Of the differentially expressed genes (≥ 2 fold-change, multiple testing correction, P < 0.05), the immune-related CD86 (8.5 fold-change, P = 0.002) emerged among the up regulated genes (N = 409). Several genes encoding HOX transcription factors and histones potentially regulated by blood flow, were overexpressed. Smooth muscle contraction and cell adhesion processes emerged among down regulated genes (N = 515), including the neuronal cell adhesion L1CAM as top scorer (5 fold-change, P = 5 × 10). Repeated measurements in jugular/peripheral plasma and overtime in peripheral plasma showed conserved individual plasma patterns for immune-inflammatory (CCL13, CCL18) and adhesion (NCAM1, VAP1, SELL) proteins, despite significant variations overtime (SELL P < 0.0001). Both age and MS disease phenotypes were determinants of VAP1 plasma levels.
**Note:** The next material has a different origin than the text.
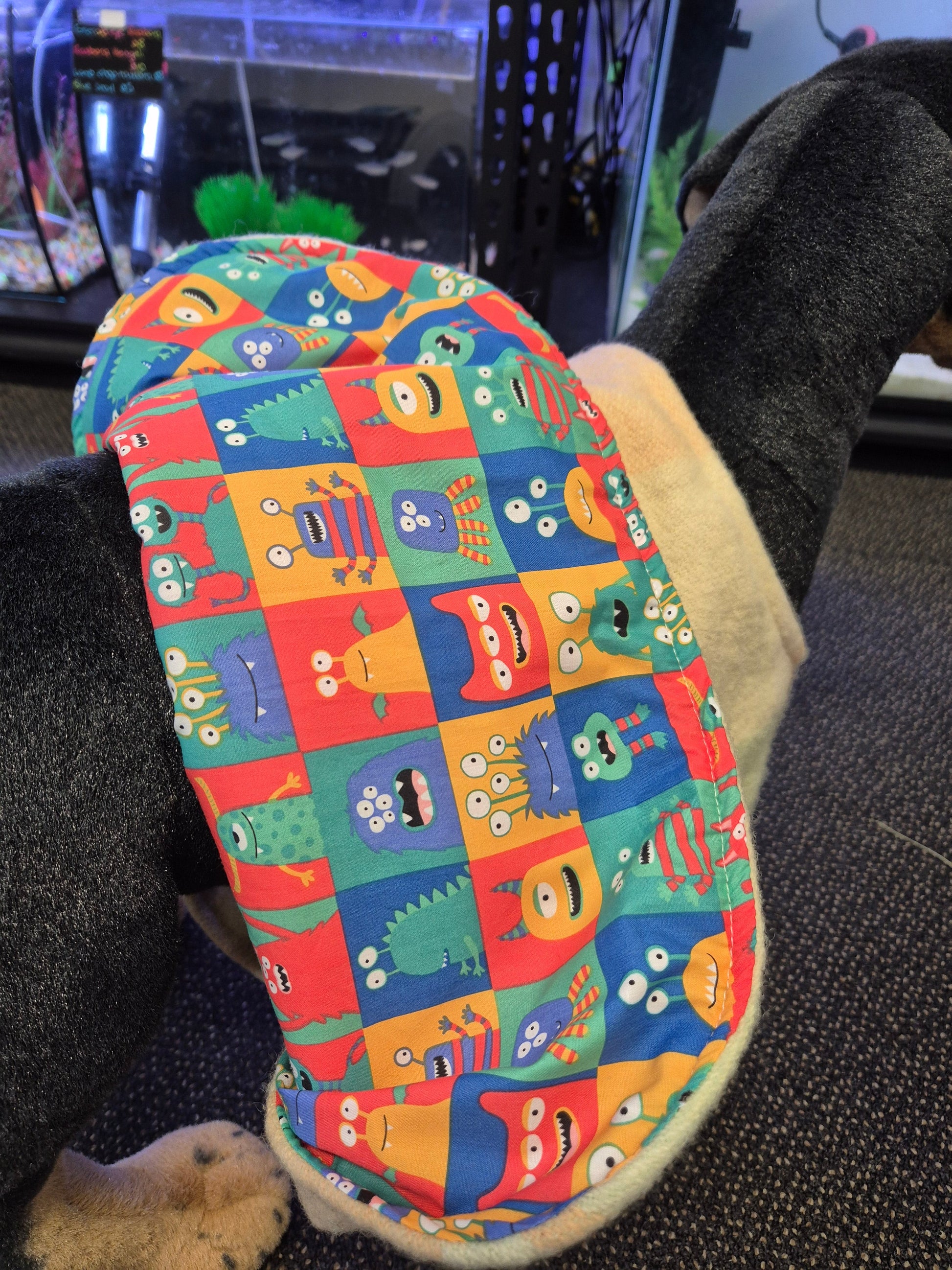 Outer is recycled wool blanket, lined with cute cotton.

Data supported cerebral related-mechanisms regulating ANGPT1 levels, which were remarkably lower in jugular plasma and correlated in repeated assays but not between jugular/peripheral compartments.
This study provides for the first time expression patterns of the IJV wall, suggesting signatures of altered vascular mRNA profiles in MS disease also independently from CCSVI. The combined transcriptome-protein analysis provides intriguing links between IJV wall transcript alteration and plasma protein expression, thus highlighting proteins of interest for MS pathophysiology.
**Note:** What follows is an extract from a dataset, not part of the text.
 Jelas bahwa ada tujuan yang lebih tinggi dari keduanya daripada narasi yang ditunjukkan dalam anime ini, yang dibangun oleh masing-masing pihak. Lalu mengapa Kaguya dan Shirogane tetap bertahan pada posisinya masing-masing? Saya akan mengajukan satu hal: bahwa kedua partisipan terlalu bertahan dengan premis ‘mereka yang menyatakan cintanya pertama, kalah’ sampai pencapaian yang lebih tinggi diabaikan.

多发性硬化症(MS)是一种中枢神经系统(CNS)的炎症性、脱髓鞘和退行性疾病。有几项观察结果支持血管和神经退行性机制在多发性硬化症(MS)中的相互作用。为了研究颅外静脉腔隙的贡献,我们分析了引流 CNS 血液的颈内静脉(IJV)的表达谱,并检测了相关血浆蛋白水平。
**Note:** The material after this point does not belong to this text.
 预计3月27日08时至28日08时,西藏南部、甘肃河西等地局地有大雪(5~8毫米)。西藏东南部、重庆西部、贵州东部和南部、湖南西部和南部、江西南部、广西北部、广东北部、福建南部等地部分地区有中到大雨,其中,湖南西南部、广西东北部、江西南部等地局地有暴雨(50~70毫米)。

我们研究了一组 MS 患者(n=19),他们通过回声彩色多普勒和磁共振静脉造影筛查,因慢性脑脊髓静脉功能不全(CCSVI)而行 IJV 手术重建。对 MS 患者和颈动脉内膜切除术患者的 IJV 壁标本进行基于微阵列的转录组分析。通过对 17 名 MS/CCSVI 患者的颈内和外周血浆、60 名进展性 MS 患者的外周血浆(重复取样后)和健康个体的外周血浆进行多重检测,确定蛋白质水平。
差异表达基因(≥2 倍变化,多重检测校正,P<0.05)中,免疫相关的 CD86(8.5 倍变化,P=0.002)在上调基因(N=409)中脱颖而出。几个编码 HOX 转录因子和潜在受血流调节的组蛋白的基因表达上调。下调基因(N=515)中出现平滑肌收缩和细胞黏附过程,包括神经元细胞黏附 L1CAM,得分最高(5 倍变化,P=5×10)。尽管随时间有显著变化,但颈内/外周血浆的重复测量和外周血浆的随时间变化均显示出免疫炎症(CCL13、CCL18)和黏附(NCAM1、VAP1、SELL)蛋白的个体血浆模式保持一致。SELL P<0.0001)。年龄和 MS 疾病表型都是 VAP1 血浆水平的决定因素。数据支持调节血管生成素 1(ANGPT1)水平的脑相关机制,该蛋白在颈内静脉血浆中显著降低,且在重复检测中相关,但不在颈内/外周间隙之间相关。
这项研究首次提供了 IJV 壁的表达模式,表明 MS 疾病中存在血管 mRNA 谱改变的特征,也与 CCSVI 无关。综合转录组-蛋白质分析为 IJV 壁转录改变与血浆蛋白表达之间提供了有趣的联系,从而突出了对 MS 病理生理学有意义的蛋白质。